The information of 427 genomes collected in LIRBase is displayed in the Download menu of LIRBase (Figure 19).
Figure 19. The Download menu of LIRBase.
11. Download LIRs identified in 427 eukaryotic genomes, and the corresponding BLAST/Bowtie index database
In addition to be used online at https://venyao.xyz/lirbase/, LIRBase can be deployed on a personal local or web Linux server. Deployment of LIRBase is platform independent, i.e., LIRBase can be deployed on any platform with the R environment available. The detailed steps are described in the Installation submenu under the Help menu of LIRBase (Figure 20).

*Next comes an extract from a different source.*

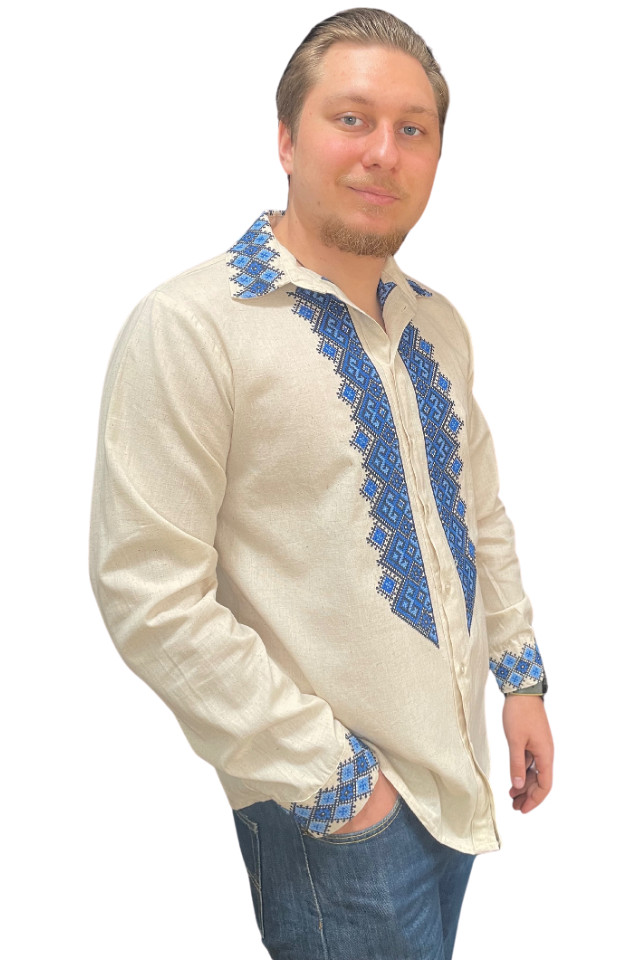 Bluza tip ie barbati RBN 24, marime L, bej antichizat/albastru

Figure 20. The Installation submenu under the Help menu of LIRBase.
The source code of LIRBase is deposited in GitHub (https://github.com/venyao/LIRBase). As the file size of identified LIRs and the corresponding BLAST/Bowtie databases of the 427 eukaryotic genomes are too large, these datasets were not deposited in GitHub. Instead, these data can be downloaded from https://venyao.xyz/lirbase/ through the Download menu (Figure 21).

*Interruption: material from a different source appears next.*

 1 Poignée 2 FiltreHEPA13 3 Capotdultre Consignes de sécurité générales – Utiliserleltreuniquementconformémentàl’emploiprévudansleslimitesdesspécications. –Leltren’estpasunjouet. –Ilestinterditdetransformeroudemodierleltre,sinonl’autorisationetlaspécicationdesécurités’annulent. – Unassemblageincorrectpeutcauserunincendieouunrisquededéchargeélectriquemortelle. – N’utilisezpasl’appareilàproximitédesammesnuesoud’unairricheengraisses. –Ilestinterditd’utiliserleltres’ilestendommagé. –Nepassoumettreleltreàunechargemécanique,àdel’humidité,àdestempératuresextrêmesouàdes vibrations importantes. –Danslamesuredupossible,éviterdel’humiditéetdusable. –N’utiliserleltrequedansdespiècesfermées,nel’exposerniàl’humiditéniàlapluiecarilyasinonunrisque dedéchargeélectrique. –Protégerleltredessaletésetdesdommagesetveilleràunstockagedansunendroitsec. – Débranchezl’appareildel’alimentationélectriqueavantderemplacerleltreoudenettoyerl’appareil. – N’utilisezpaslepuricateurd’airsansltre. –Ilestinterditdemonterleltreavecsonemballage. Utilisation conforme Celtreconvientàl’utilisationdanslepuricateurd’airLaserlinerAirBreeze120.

Figure 21. The Download menu of LIRBase.
12. About LIR and LIRBase
The definition of long inverted repeat, the biogenesis pathway of siRNAs from long inverted repeat and the biological roles of siRNAs generated in this pathway are elaborated in the About submenu under the Help menu of LIRBase (Figure 22). These results implied that a platform for comprehensive annotation and analysis of siRNAs derived from long inverted repeat is in urgent need.
Figure 22. The About submenu under the Help menu of LIRBase.